Running "ps -elfT|grep libvirtd" shows many threads waiting on a futex, but two
threads in poll_schedule_timeout() as part of the poll() syscall. On a non-hung
libvirtd I only see one thread in poll_schedule_timeout().
If I kill and restart libvirtd (this took two tries, it didn't actually die the
first time) then the problem seems to go away.

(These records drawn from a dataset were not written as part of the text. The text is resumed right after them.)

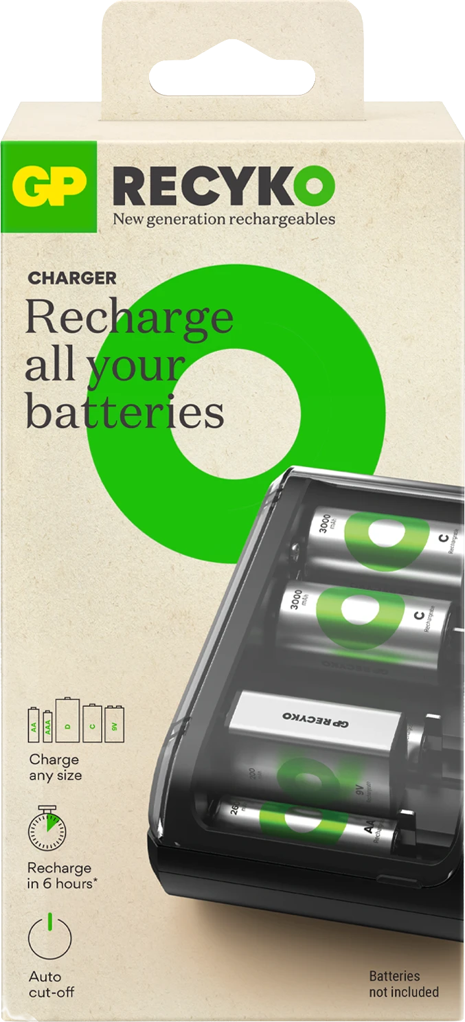 Innovatiivinen modulaarinen akku- ja laturijärjestelmä. GP Batteries murtaa jälleen käsitykset akkujen käytettävyydestä. Uudet GP Recyko -laturit ovat älykkäitä, kevyitä, kannettavia ja mikä tärkeintä - helppokäyttöisiä. Ne on myös suunniteltu älykkäästi toimimaan akkujen säilytyskotelona, kun niitä ei käytetä.
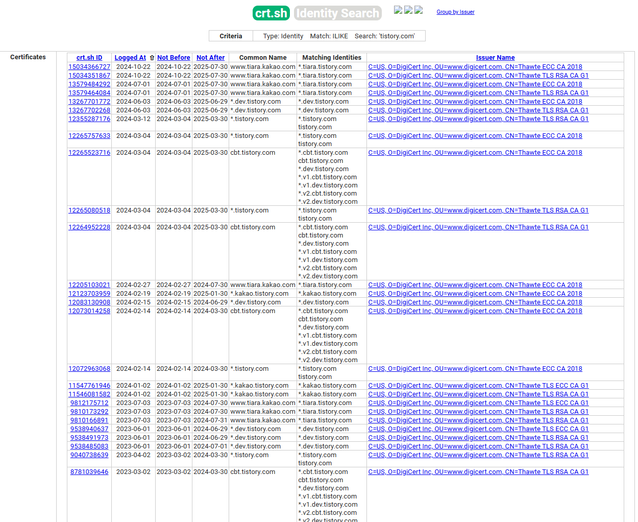 도메인의 이력을 조사하다 특정 도메인의 SSL / TLS 인증서 발급 조회를 제공하는 crt.sh 사이트를 알게되었습니다.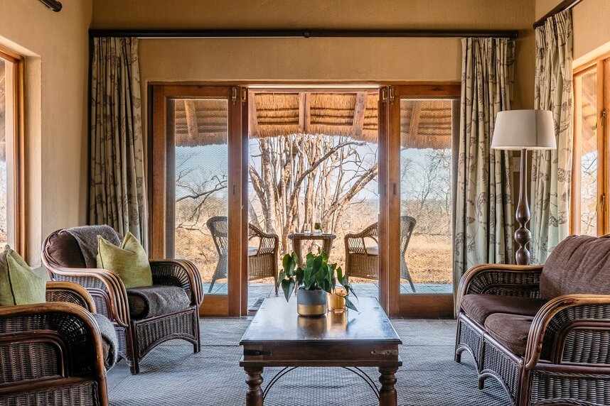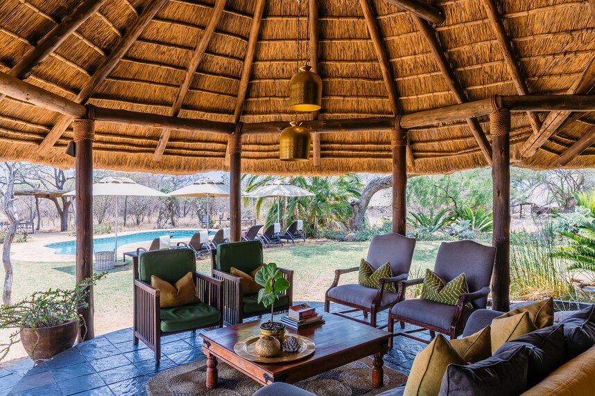 Die Jackalberry Lodge ist ein Ort der Entschleunigung. Vom Hauptbereich aus sind oft Sichtungen von Elefanten und Antilopen am nahe gelegenen Wasserloch möglich. Die elegante Lodge verfügt über einen offenen Wohn- und Essbereich, eine Bibliothek und eine Boma. Das Abendessen wird, wenn es das Wetter erlaubt, in der Boma am Lagerfeuer serviert. Ein Pool sorgt für Erfrischung an heißen Tagen.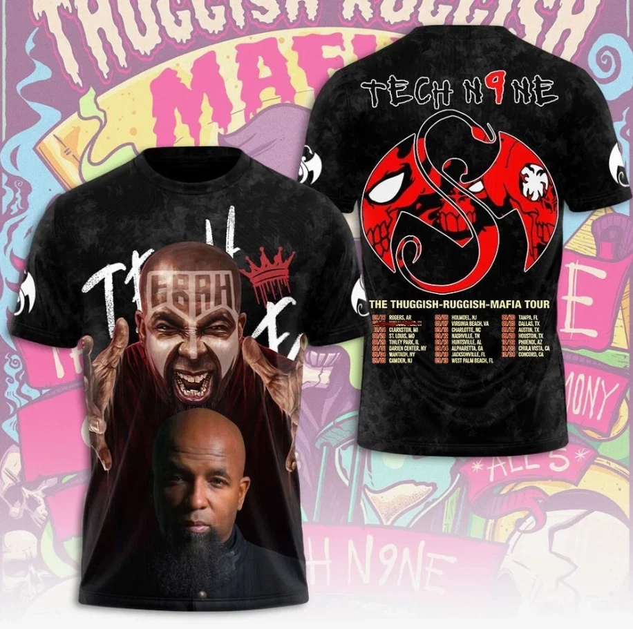 Tech N9Ne The Thuggish-Ruggish-Mafia Tour 2025 Aop 3D T-Shirt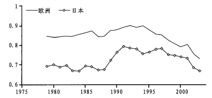 图4.1 欧、日、美制造业生产力对比(1979~2003)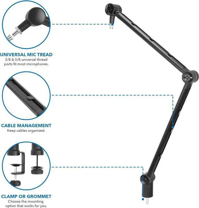 UNIVERSAL COMPATIBILITY: The boom mic arm can attach your Blue Snowball or Blue Yeti along with most microphones with 3/8" and 5/8" threads (Microphone in picture not included).
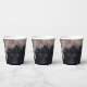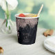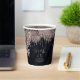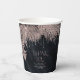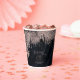 Opt for a striking, glitz and glam look by using the pieces in this wedding suite as shown, with jewels cascading off the diamond-encrusted palm leaves or delete the jewel layers for a slightly more conservative look. This set features leaves in shimmering rose gold against a dark navy blue, textured background. The wedding paper cup shown here has a border of sparkling leaves, a personal 'Thank You' message and the bride and groom's names and wedding date. Easily enter your details using the provided template. View the collection link on this page to see all of the matching items in this beautiful set or search ID830 to see additional color options for this design.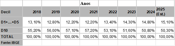 Essa taxa, que era de 12,2% em 2018, atingiu o auge em 2020 e 2021 (na casa dos 14%) com a crise da Covid, e de lá para cá vem caindo direto, chegando a 7,8% (2023), 6,6% (2024) e 5,9% (estimativa 2025).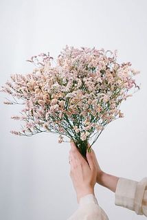 今の時期のおすすめはハイブリッドスターチス。つぶ感のある八重咲き、繊細な一重咲きをたっぷり束ねると、まるでふわふわの綿菓子のよう。ひとつひとつ咲き方が異なるので、ぜひ近くでじっくり観察してみて。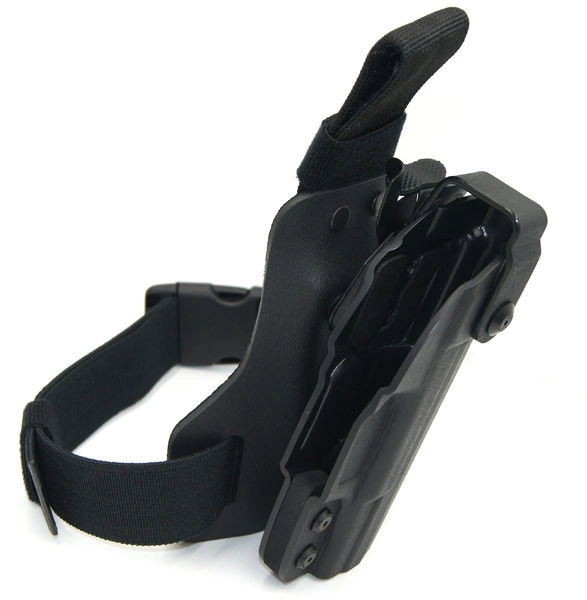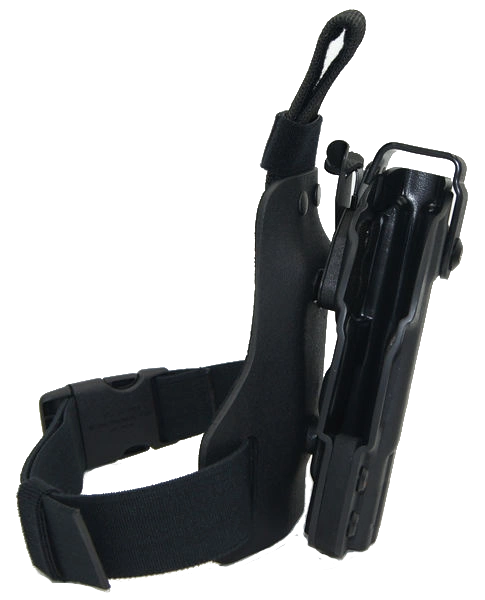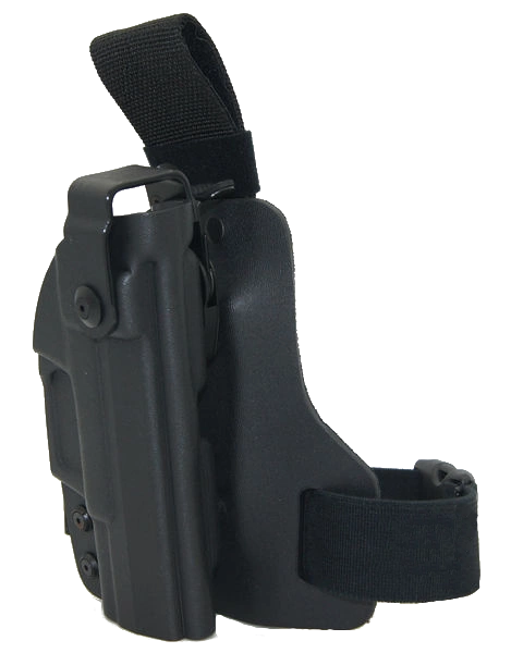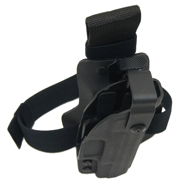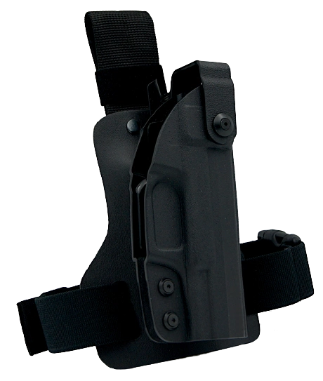 Profesjonalna kabura taktyczna z obniżonym stanem noszenia pas-udo. Idealna dla służb wyposażonych w kamizelki taktyczne lub kuloodporne.
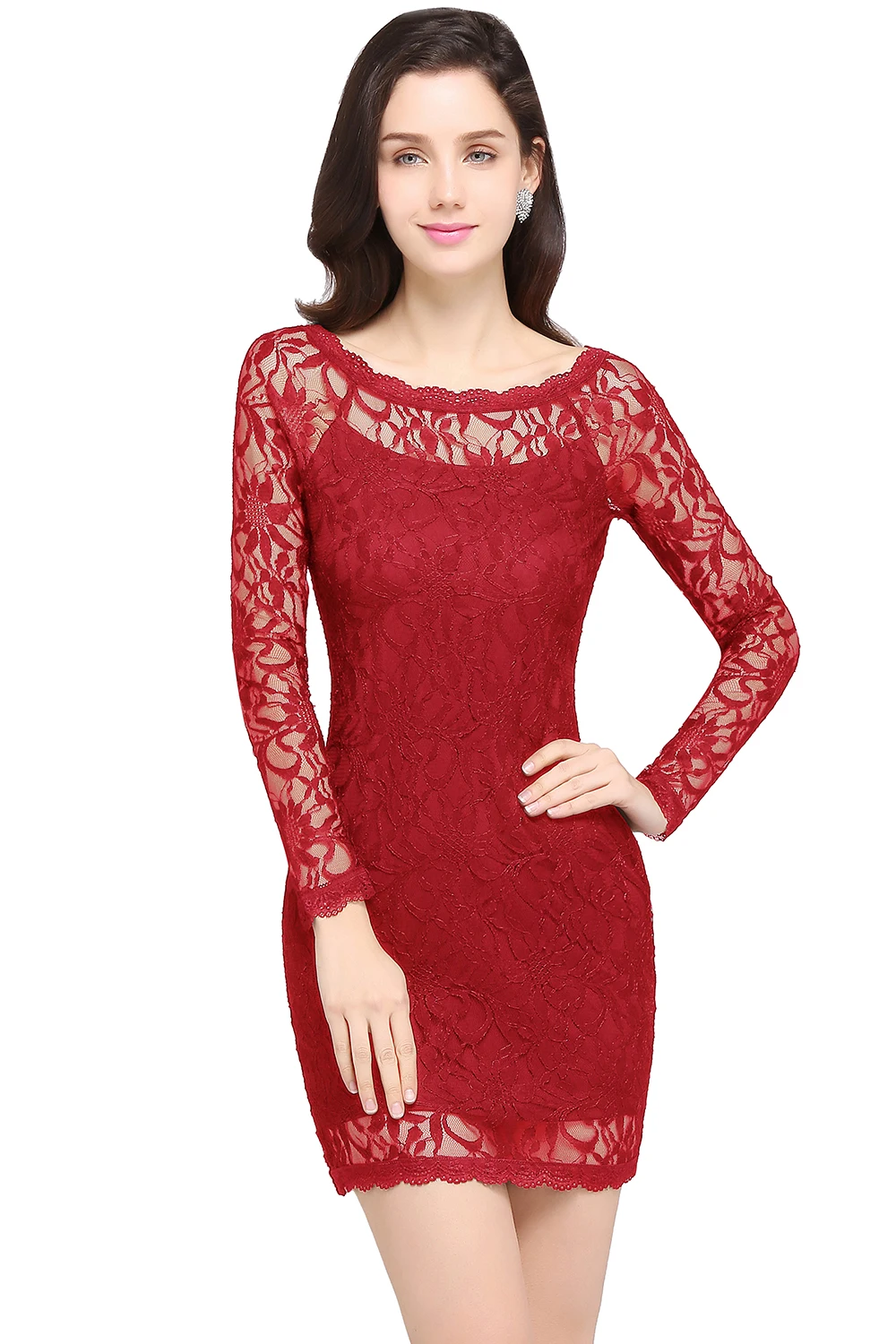 Женское короткое вечернее платье, кружевное ТРАПЕЦИЕВИДНОЕ ПЛАТЬЕ С Длинным Рукавом, элегантное бальное платье для вечерние, 2019

I just tried attaching gdb to the "hung" libvirtd process and running
"thread
apply all backtrace". This printed backtraces for the threads, including the
one that was apparently stuck in poll():
Thread 17 (Thread 0x7f0573fff700 (LWP 186865)):
#0 0x00007f05b59d769d in poll () from /lib64/libc.so.6
#1 0x00007f05b7f01b9a in virNetClientIOEventLoop () from /lib64/libvirt.so.0
#2 0x00007f05b7f0234b in virNetClientSendInternal () from /lib64/libvirt.so.0
#3 0x00007f05b7f036f3 in virNetClientSendWithReply () from /lib64/libvirt.so.0
#4 0x00007f05b7f04eb3 in virNetClientStreamSendPacket () from /lib64/libvirt.so.0
#5 0x00007f05b7ed8db5 in remoteStreamFinish () from /lib64/libvirt.so.0
#6 0x00007f05b7ec7eaa in virStreamFinish () from /lib64/libvirt.so.0
#7 0x00007f059bd9323d in qemuMigrationIOFunc () from
/usr/lib64/libvirt/connection-driver/libvirt_driver_qemu.so
#8 0x00007f05b7e09aa2 in virThreadHelper () from /lib64/libvirt.so.0
#9 0x00007f05b5cb4dc5 in start_thread () from /lib64/libpthread.so.0
#10 0x00007f05b59e1ced in clone () from /lib64/libc.so.6
Interestingly, when I hit "c" to continue in the debugger, I got this:
(gdb) c
Continuing.
Program received signal SIGPIPE, Broken pipe.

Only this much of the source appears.